The strength of the current approach lies in the clear effect of parametric modulation of conflict similarity across different conflict types. The authors employed a clever cross-subject RSA that counterbalanced and isolated the targeted effect of conflict similarity, decorrelating orientation similarity of stimulus positions that would otherwise be correlated with conflict similarity. A pattern of neural response seems to exist that maps different types of conflict, where each type is defined by the parametric gradation of the yoked spatial Stroop conflict and the Simon conflict on a similarity scale. The similarity of patterns increases in incongruent trials and is correlated with CSE modulation of behavior. However, several potential caveats need to be considered.

One caveat to consider is that the main claim of recruitment of an organized "cognitive space" for conflict representation is solely supported by the exclusion criteria mentioned earlier. To further support the involvement of organized space in conflict representation, other pieces of evidence need to be considered. One approach could be to test the accuracy of out-of-sample predictions to examine the continuity of the space, as commonly done in studies on representational spaces of sensory information. Another possible approach could involve rigorously testing the geometric properties of space, rather than fitting RSM to all conflict types. For instance, in Fig 6, both the organized and domain-specific cognitive maps would similarly represent the similarity of conflict types expressed in Fig1c (as evident from the preserved order of conflict types). The RSM suggests a low-dimensional embedding of conflict similarity, but the underlying dimension remains unclear.

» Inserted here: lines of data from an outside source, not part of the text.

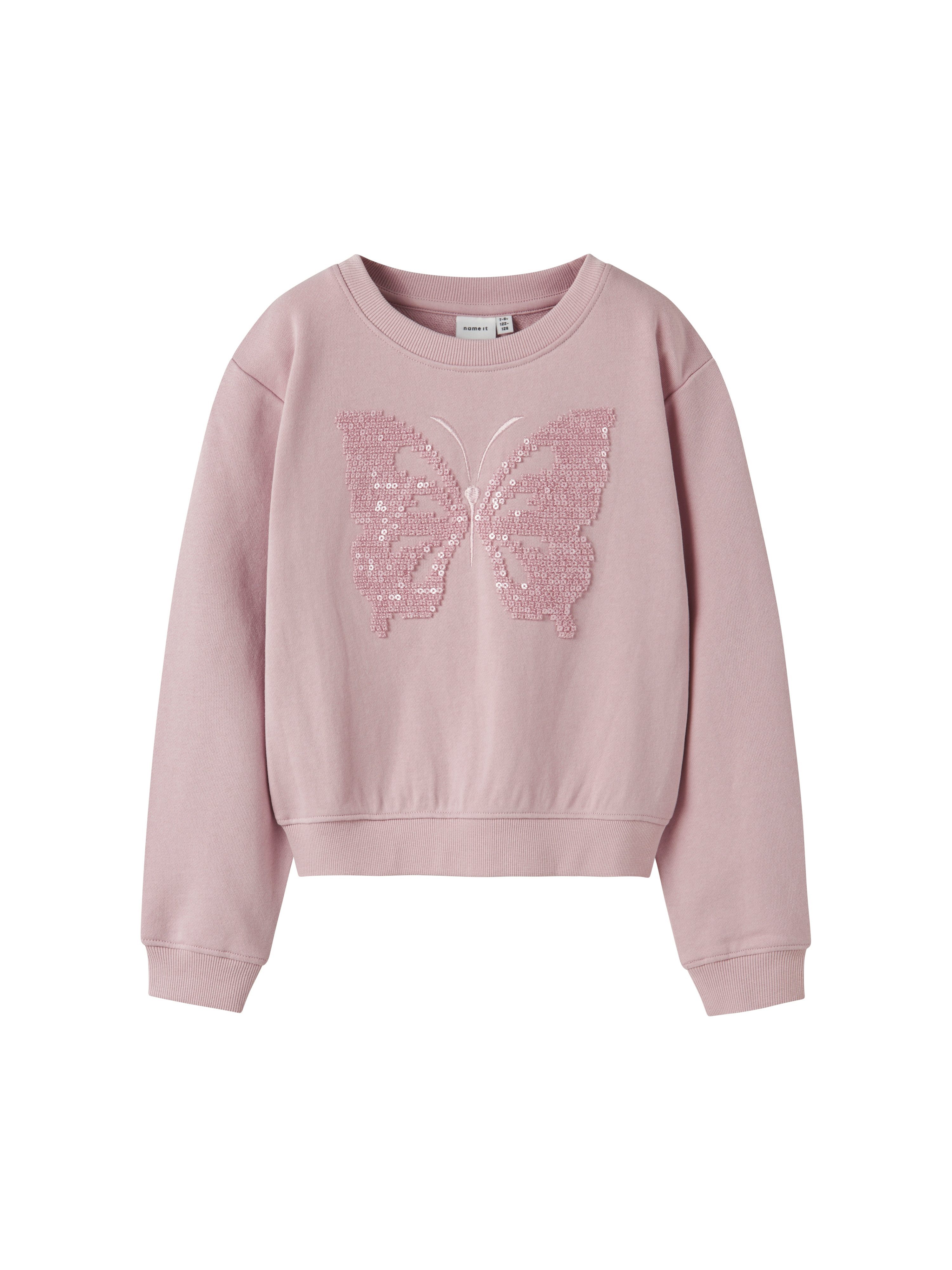 Das Sweatshirt »NKFLOVA SH NREG SWEAT UNB BOX« von Name It ist ein stylisches Essential, um den persönlichen Stil zu finden. Es wirkt mit dem Print trendig und ausgefallen. Die langen Ärmel enden in einem Rippbündchen. Das Sweatshirt hat einen Rundhalsausschnitt und ist normal lang sowie basic geschnitten, sodass der Tragekomfort nicht zu kurz kommt.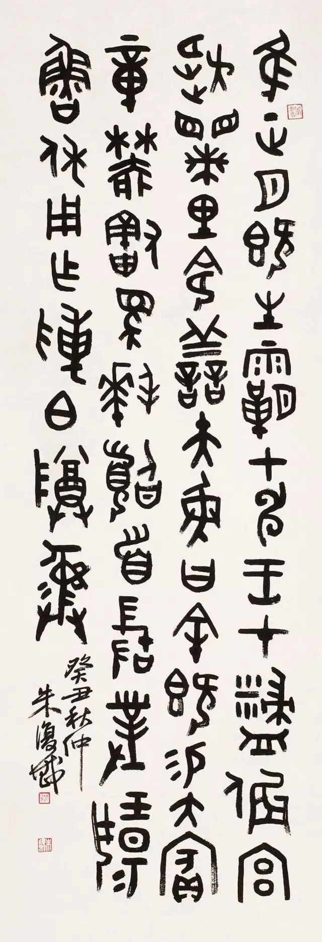 朱复戡,浙江鄞县梅墟人五岁时即在青甑上练习毛笔字,七岁可写一尺见方的石鼓文,引起了吴昌硕的注意。吴亲切地称朱复戡为“小畏友”,朱则称吴“吴昌老”。吴昌硕每每出席各种高雅重要的活动,都要带上朱复戡,以朋友之名形影相随。这样的搭档被称为“一老一少”,成为大上海文化界的一大奇观。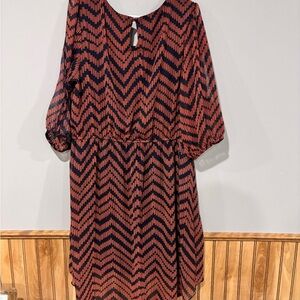 Elegant long sleeve dress with a striking chevron pattern. Features a comfortable fit and stylish design.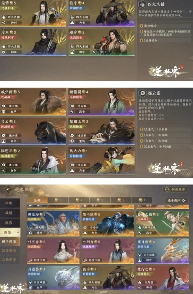 还有闻名遐迩的【四大名捕】、)戚大哥带领的【连云寨】弟兄、主持柳家大业的【镜天阁】墨不逆操控的【非命阁】诸、多江湖势力与风云人物汇聚于此,共同演绎一盘精彩的“逆水侠棋”!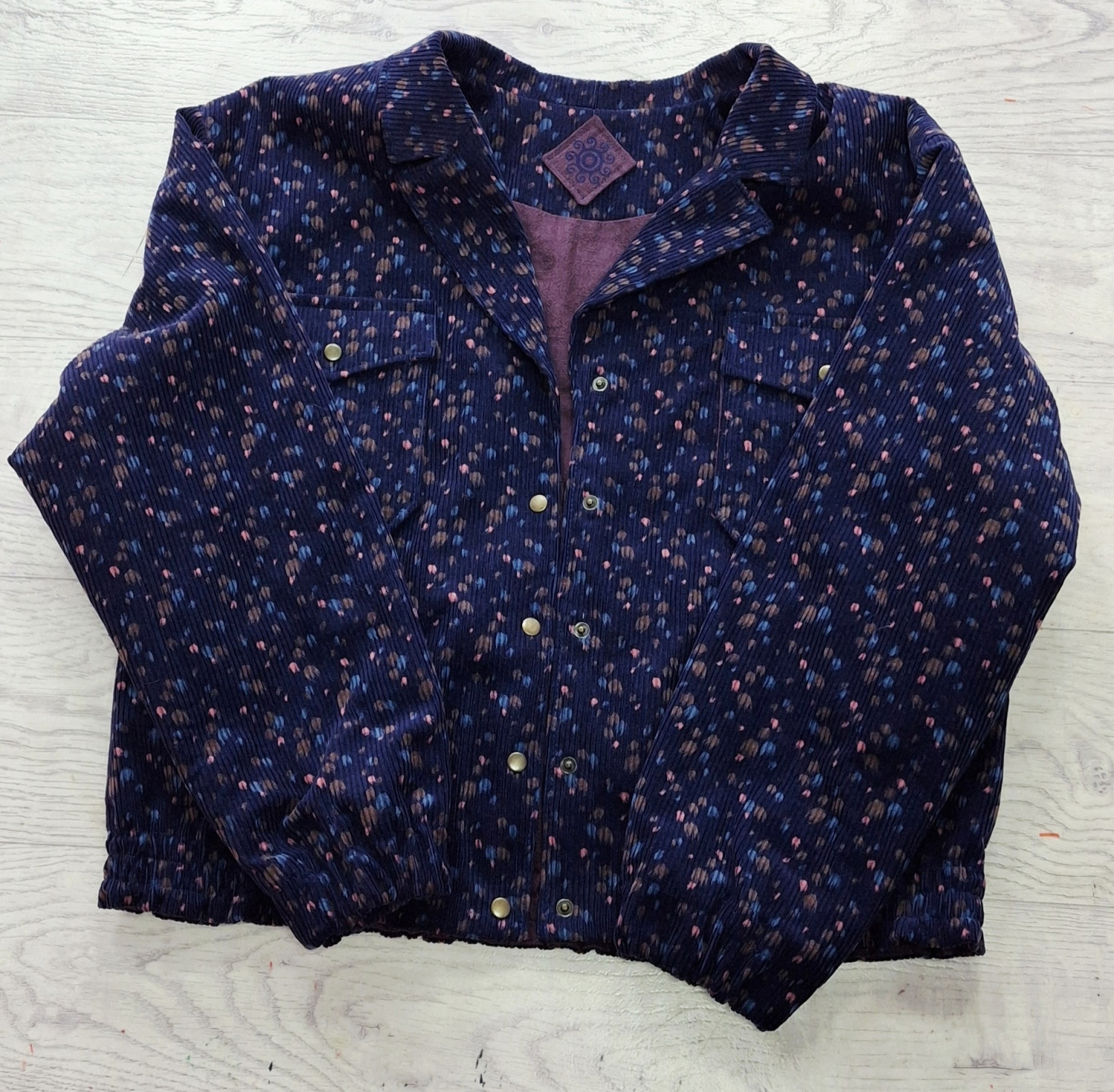 4Выкройка укороченного женского жакета среднего объёма, прямого силуэта, выполненного на подкладке. Перед — с нагрудными карманами с клапанами. Спинка — цельная, без особенностей. Горловина жакета оформлена отложным английским воротником с лацканами. Застёжка — центральная, бортовая, на кнопки. По низу жакета предусмотрена кулиска с резинкой. Рукава — рубашечного покроя, длинные, со сборкой на резинку по низу. Длина жакета — выше линии бёдер.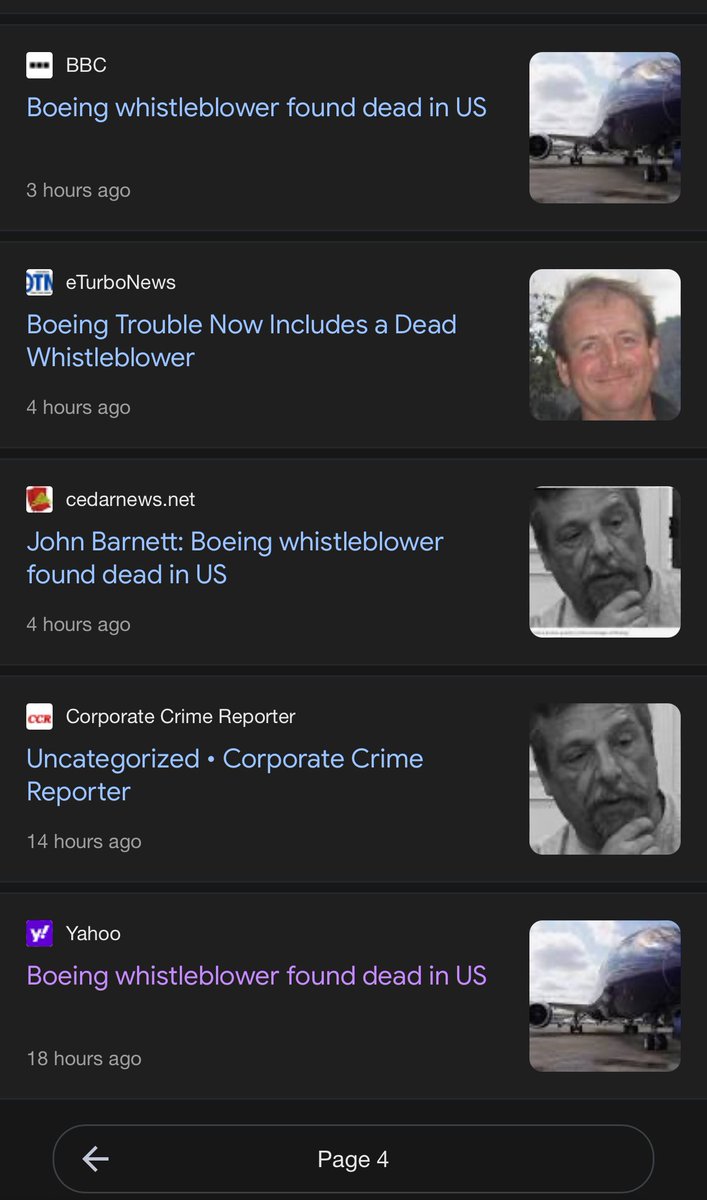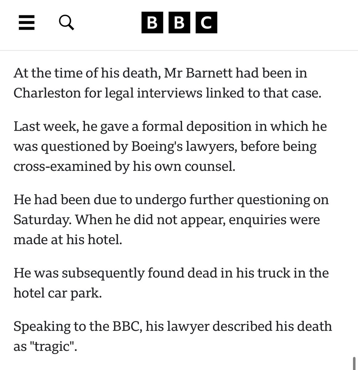 2) WTF — “It said the 62-year-old had died from a "self-inflicted" wound on 9 March and police were investigating.” ➡️ people don’t suddenly commit suicide in a parking lot while at a hotel to testify against @Boeing for days and days.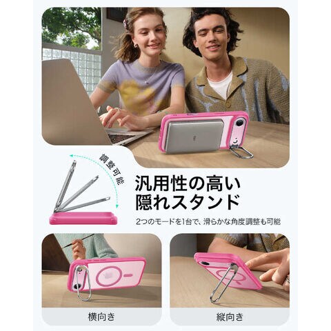 ESR iPhone Air (6.5インチ)MagSafe対応、隠れスタンド付き、ミリタリーグレードケース フロストピンク 1A86600501-Frosted Pink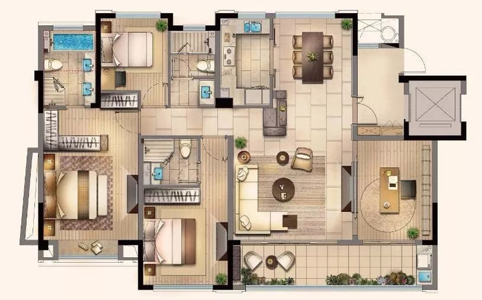 四房两厅两卫的设计,无论是二胎家庭,还是三代同堂,全家其乐融融。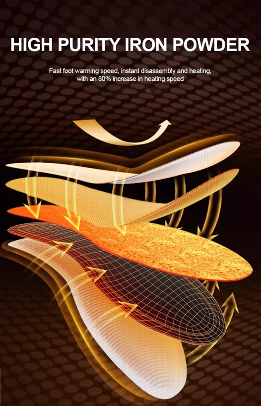 Self-heating foot warmer insoles designed to keep feet warm in cold conditions.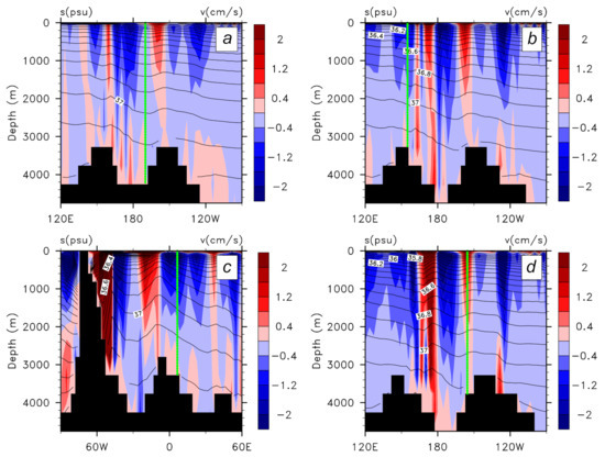 Zonal sections of salinity (contour in psu) and meridional velocity (shading in m/s) along (a) 60.9 S, (b) 59.0 S, (c) 52.9 S and (d) 57.1 S at 22 ka BP. The locations of the four proxy cores are marked (green) on the zonal sections, respectively.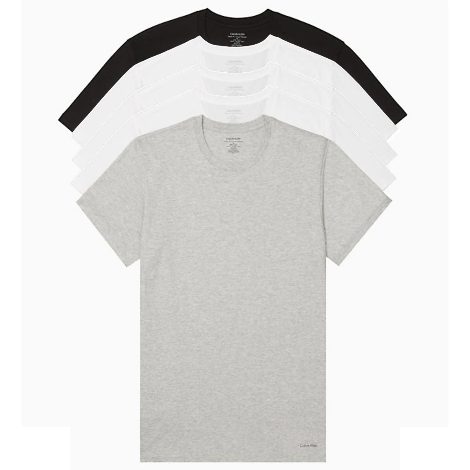 This essential 5-pack of Calvin Klein’s Cotton Classic Crew Neck features 3 white, 1 black, and 1 gray t-shirt. Designed with pure cotton for a soft hand and breathable comfort, finished with a crewneck and seaming details for an ideal layering undershirt. The Calvin Klein Underwear logo is at the hem.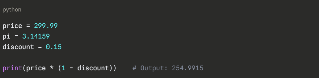 Floats represent numbers with a decimal point. They are used in calculations involving measurements, percentages, averages, and most real-world numerical data.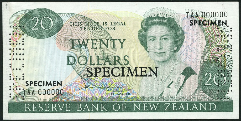 (†) Reserve Bank of New Zealand, specimen $20, ND (1981), serial number TAA 000000, signature, Hardie, green on multicoloured underprint, mature portrait of Queen Elizabeth II at right, reverse miro and pigeon, overprinted SPECIMEN in black three times on obverse and once on reverse, perforated SPECIMEN twice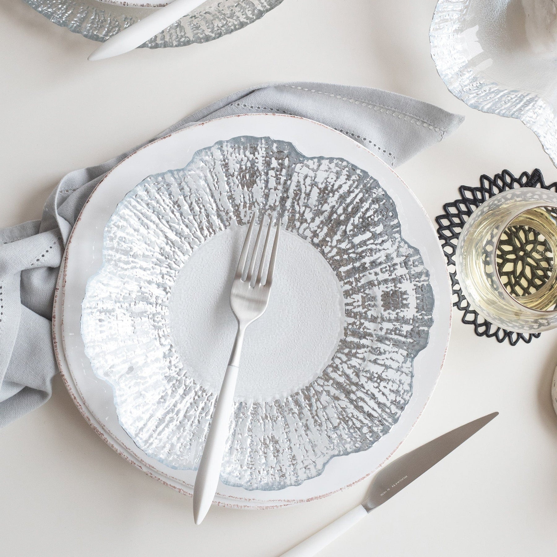 With glowing strands and beautiful texture, the Rufolo Glass Canape Plate brings luster, glamour, and irresistibly Italian style to your table.

Another important factor to consider is how learning within the confined task space, which always negatively correlates the two types of conflicts within each subject, may have influenced the current results. Is statistical dependence of conflict information necessary to use the organized cognitive space to represent conflicts from multiple sources? Answering this question would require a paradigm that can adjust multiple sources of conflicts parametrically and independently. Investigating such dependencies is crucial in order to better understand the adaptive utility of the observed cognitive space of conflict similarity.

Taken together, this study presents an exciting possibility that information requiring high levels of cognitive control could be flexibly mapped into cognitive map-like representations that both benefit and bias our behavior. Further characterization of the representational geometry and generalization of the current results look promising ways to understand representations for cognitive control.